Ведя переписку с П.Д.Лупаевым,  я как-то не посмела спросить его, воевал ли он, какой  след в его жизни оставила Великая Отечественная война.  Много позднее за него о его  боевом пути рассказал сын Александр Петрович. И уже после смерти отца прислал в редакцию рукопись.  Вот строки  этих воспоминаний:

- Мой отец в начале 1942 года служил в Сталинграде (тогда еще тыловом) командиром стрелкового взвода. До войны прошел краткую подготовку в Тоцких лагерях. При этой ужасной массовой гибели младших командиров в 1941 году это была достаточная подготовка для запасной части. Но отец подал рапорт о переводе: «Стал взвод пополняться красноармейцами, выписанными из госпиталей. Многие прошли огни и воды… Неудобно мне стало ими командовать, пороха не понюхавшему…» Перевелся в кавалерию - с лошадьми подружился еще в детстве в Утевке. Отец на передовой пробыл 5 месяцев - очень долгий срок для командира с двумя кубиками в петлицах (с 1943 года это звание - лейтенанта).

 «В больших сражениях Петр Дмитриевич не участвовал. «Дадим бой передовому отряду противника, в сумерках уже похороним убитых и отступим,- рассказывал он нам, своим детям.- На ходу в полевых кухнях, варилось мясо подстреленных лошадей и скота на дорогах, было в избытке. Мясо часто ели без соли и хлеба. В конном строю ночью надо было наблюдать за соседями - люди порой засыпали и начинали сползать с седла. На Кубани полк начал пополняться казаками - участниками «той Германской» и гражданской войн. " Дошел до меня разговор в штабе, может, мол, в разные взводы распределять бывших «белых» и «красных», - вспоминал отец. Но казаки порой являлись объединенные землячеством, станицей своей. Никакой враждебности  друг к другу бывшие стремительные враги не проявляли: " А вот под станицей… ни один белый от наших сабель не ушел. Наши казаки - орлы, фронтовики бывалые… А через неделю в лощине у той же станицы ни один красный от нас не ушел, наши не хуже воевали! " Представьте: собеседники черпают из одного котелка, потом одну шинель подстилают, другой накрываются. А доживут ли они до следующего ночлега, когда опять можно своих и чужих помянуть? Кто кого завтра из боя вытащит в укрытие? Что гадать - надо уснуть, пока в караул не разбудили… "
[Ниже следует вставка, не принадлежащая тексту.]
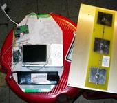 и на земле, сзади этого огромного патча закреплены видеоприемник(AWM635),HDD recorder, LCD monitor, one batt. for all, и видеовыход для очков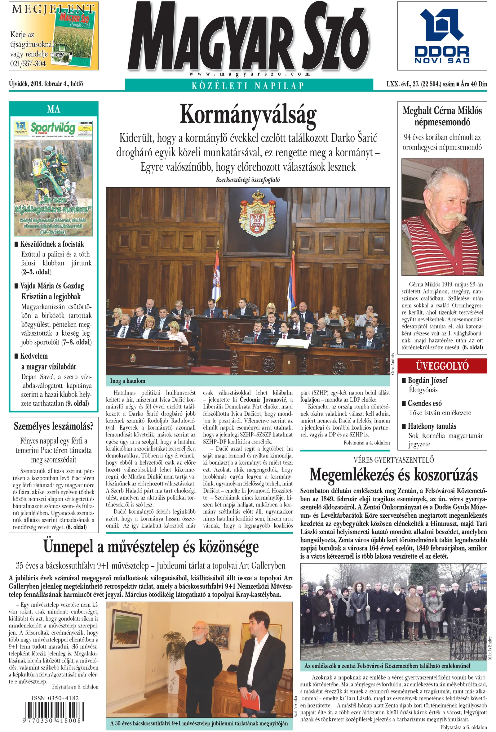 Magyar Szó, 70. évf. 2013. február 4. 27. sz. 1–16. oldal
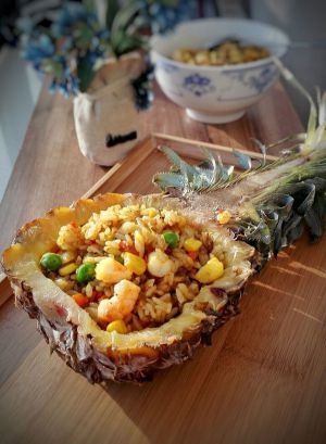 米饭盛入菠萝中,摆盘,香喷喷的泰式鲜虾咖喱饭就做好了,盛在菠萝里能闻到菠萝的香,混着咖喱的味道,真是美妙。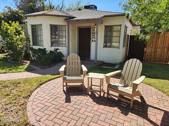Historic home in the heart of the highly desired Woodlea-Melrose District! The main house offers 2 bedrooms/1 bath, 979 sq.ft. with charming kitchen, bay window dining area and large light-filled living room. A detached 1 bed/1 bath 360 sq ft.guest house with wood floors and laundry adds flexibility. Enjoy a lush front yard shaded by a beautiful Carob tree and a backyard retreat with gardening beds on drip. New HVAC, new water heater, and lined sewer plus an EV charger! Close to coffee shops, award-winning restaurants, vintage stores, and nightlife in one of Phoenix's most community-focused neighborhoods, with monthly gatherings, block parties, celebrations, little Libraries, and even a neighborhood Lending Tool Shed.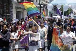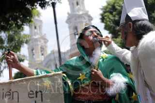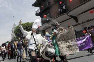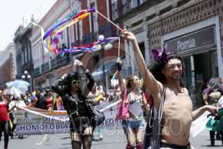 PUEBLA, PUEBLA, 17MAYO2014.- Decenas de integrantes de la comunidad LGBTTTI, realizaron la denominada marcha del taconazo por las calles del centro de la ciudad en el marco del día mundial contra la homofobia, en la que exigen respeto a la diversidad y alto a la violencia sexual. FOTO: HILDA RÍOS /CUARTOSCURO.COM

С теми казаками служба отца стала легче - они всегда за новым пополнением присмотрят: новичок после обстрела или бомбежки в шок порой впадал, хотя телесно не пострадал. Бывалый казак из шока вывести умеет - дружеским тычком, шуткой прибауткой. Выдалось как-то два дня стоять на одном месте, отоспались те, кому в караул не идти. Пожилой казак, коновод, обратился к отцу с необычной просьбой: «Из моей станицы нас здесь несколько староверов, молебен мы хотим устроить - недалеко в том овражке. Вернемся ровно через час». Конечно, он разрешил. Едва ли они там молились - просто хотелось землякам побыть в узком кругу.

 За тот час отец рассмотрел немецкие карты - целый чемодан разведчики принесли. В руки сразу попала картина родных мест Заволжья - очень подробная. На ней были обозначены помещения годные под казармы, около колодцев проставлена жесткость воды, чтоб ясно было, откуда лучше воду заливать в радиаторы машин. Вот на карте и родная Утевка - названия все по-немецки… Но разведчики уже отдохнули, и тот чемодан повезли далее - куда положено. Сейчас нет в живых моего отца, Петра Дмитриевича Лупаева, его друзей, но его воспоминания о войне я пронесу через всю свою жизнь.